Recurrent Neural Networks (RNNs) are a family of neural networks that operate on sequential data. They take as input a sequence of vectors (x1, x2…, xn ) and return another sequence that represents some information about every step in the initial sequence. Although they can, in theory, learn long dependencies, in practice they fail to do so and tend to be biased towards their most recent inputs. And so, Long Short-Term Memory Networks (LSTMs) have been designed to combat this issue by incorporating a memory cell to capture long-range dependencies. Using several gates, LSTMs control the proportion of input that is given to the memory cell, as well as the proportion from the previous state that should be forgotten.(Source:

For a given sequence containing n words (x1, x2, . . . , xn), each represented as a d-dimensional vector, an LSTM computes a representation vector (ht) of the left-hand context of the sentence at every word t. Naturally, generating a representation vector of the right-hand context should also yield useful information, and this can be achieved using a second LSTM that reads the same sequence in reverse.
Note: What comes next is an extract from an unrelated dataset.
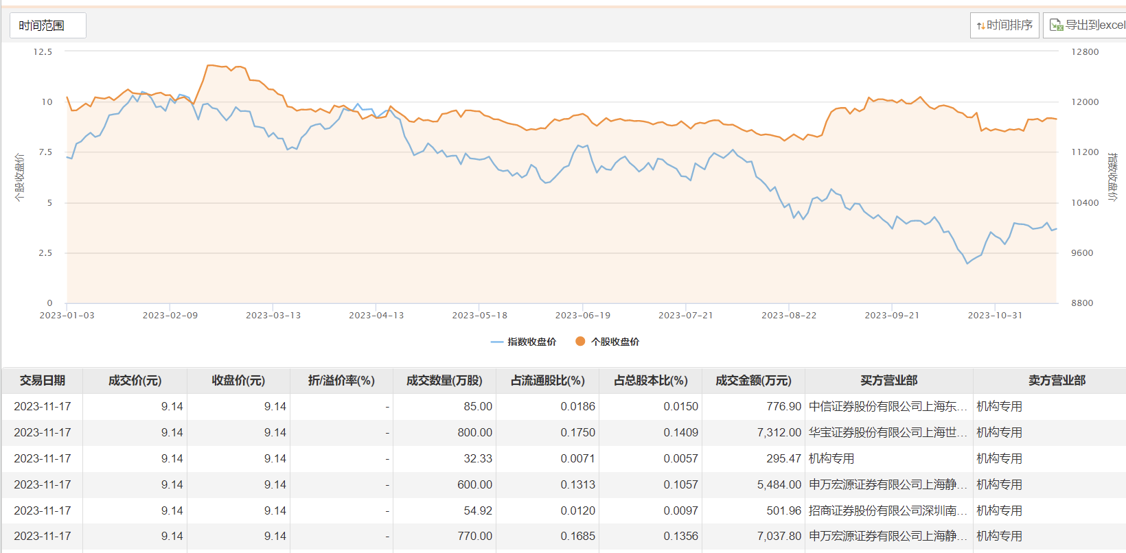 今日大宗交易成交2342.25万股,成交额2.14亿元,占当日总成交额的18.55%,成交价9.14元,较市场收盘价持平。

We will refer to the former as the “forward LSTM” and the latter as the “backward LSTM.” These are two distinct networks with different parameters. A pair consisting of a forward LSTM and a backward LSTM is referred to as a bidirectional LSTM (Graves and Schmidhuber, 2005).

Embed, Encode, Attend, and Predict

“When people think about machine learning improvements, they usually think first of efficiency and accuracy, but the most important dimension is generality. If you want to write a program to flag abusive posts on a social media platform, you should be able to generalize the problem to “I need to take text and predict a class ID.” It shouldn’t matter whether you’re flagging abusive posts or tagging emails that propose meetings; if two tasks take the same type of input and produce the same type of output, then we should be able to reuse the same model code and get different behavior by plugging in different data — like playing different games that use the same engine.” Embed, Encode, Attend, Predict refers to Mathew Honnibal’s conceptual framework for deep learning for natural language processing. I highly recommend you check out the full paper at .

Using the “embed, encode, attend, and predict” playbook, we can make accurate statistical predictions about named entities.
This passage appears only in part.